Military Life: 4 Ways In.

The Kenya Defence Forces are recruiting again. The document is available online KDF recruitment details 2021. It is usually a highly anticipated season in the country as many young men look forward to enlisting and being part of an exciting career. As usual, advertisements are put up on local media as well as on the Ministry of Defense’s website and social media accounts. Among its major disclaimers is “The Kenya Defense Forces recruitment drive is free to all eligible candidates”. I want to share my case and my thoughts about it.

I know of about 4 ways to get into the military at this point. The first is the legit way whereby you run, sweat it out, get a little naked et al/ apply for Tradesmen like every other aspirant, and the best of the best get the slots from the grassroots level at the counties. The second is where you are headhunted because of a particular talent or skill that you hold. I.e. Sports talent, or musical talent. The third is where a relative or friend holds an “influential” position and you get an invite to join without any struggles. The fourth, you pay someone who holds an influential position to get you to wear that uniform. As I write this, people are asking as much as 300K to enlist. I have noticed over the years that this amount gets higher as the salaries and remunerations commission adjusts the salaries upwards. Every season, I receive at least one message or two asking if I know someone who can get them inside because “wamejipanga this time round”. This year I haven’t received any, but someone wanted me to clarify why it is not nice to pay the price for what they want in life.

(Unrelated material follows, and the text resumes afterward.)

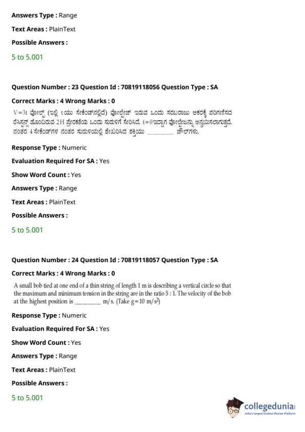 - ಭೌತಶಾಸ್ತ್ರ ವಿಭಾಗವು ಕಷ್ಟದಲ್ಲಿ ಮಧ್ಯಮವಾಗಿತ್ತು ಮತ್ತು ಎಲೆಕ್ಟ್ರೋಡೈನಾಮಿಕ್ಸ್ ಮತ್ತು ಮೆಕ್ಯಾನಿಕ್ಸ್ ಆಧಾರಿತ ಪ್ರಶ್ನೆಗಳು ಪತ್ರಿಕೆಯಲ್ಲಿ ಪ್ರಬಲವಾಗಿವೆ. JEE Main ಭೌತಶಾಸ್ತ್ರ ಪಠ್ಯಕ್ರಮವನ್ನುಪರಿಶೀಲಿಸಿ

Ulisema why is wrong to pay the price for what one wants?
KDF in particular.

Which Price?
A Bribe? (At this point I attach the @kdfinfo tweet on malpractices)
It is free.
I don’t understand what price you’re talking about. But that’s me. People have different opinions. Kila mtu anasimamia turn yake. That’s mine. (the conversation then took a turn on what the Bible says on bribes)

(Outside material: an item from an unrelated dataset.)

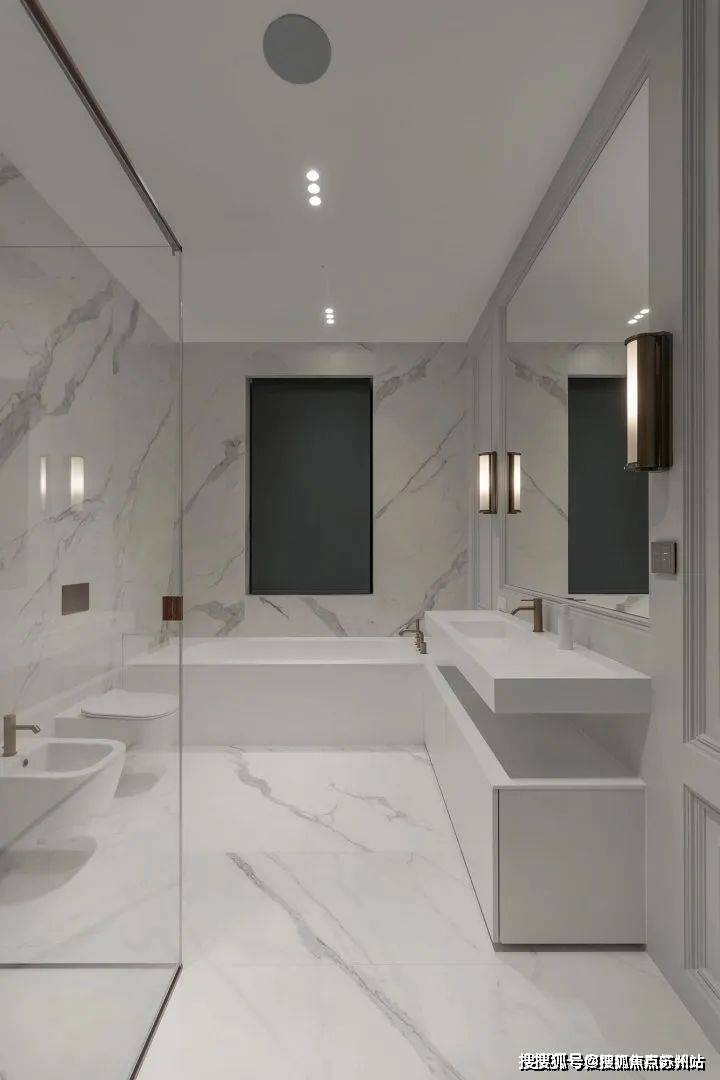 大理石地砖,玻璃墙面,石膏线装饰,

I do not support paying to join the military. You cannot be so patriotic that you want to pay to serve your own country. Well, so patriotic that you feel the need to break a few laws. It loses sense at that point. There are a few reasons why people do this. For starters, I feel the military ceased from being a place to serve the nation to an institution where people join to make money. It is a job. It has become “just a job” to many. That is why many people do not consider it a “service to the nation” kind of thing. Once we mislay this meaning, we can use this institution for whatever it needs to be.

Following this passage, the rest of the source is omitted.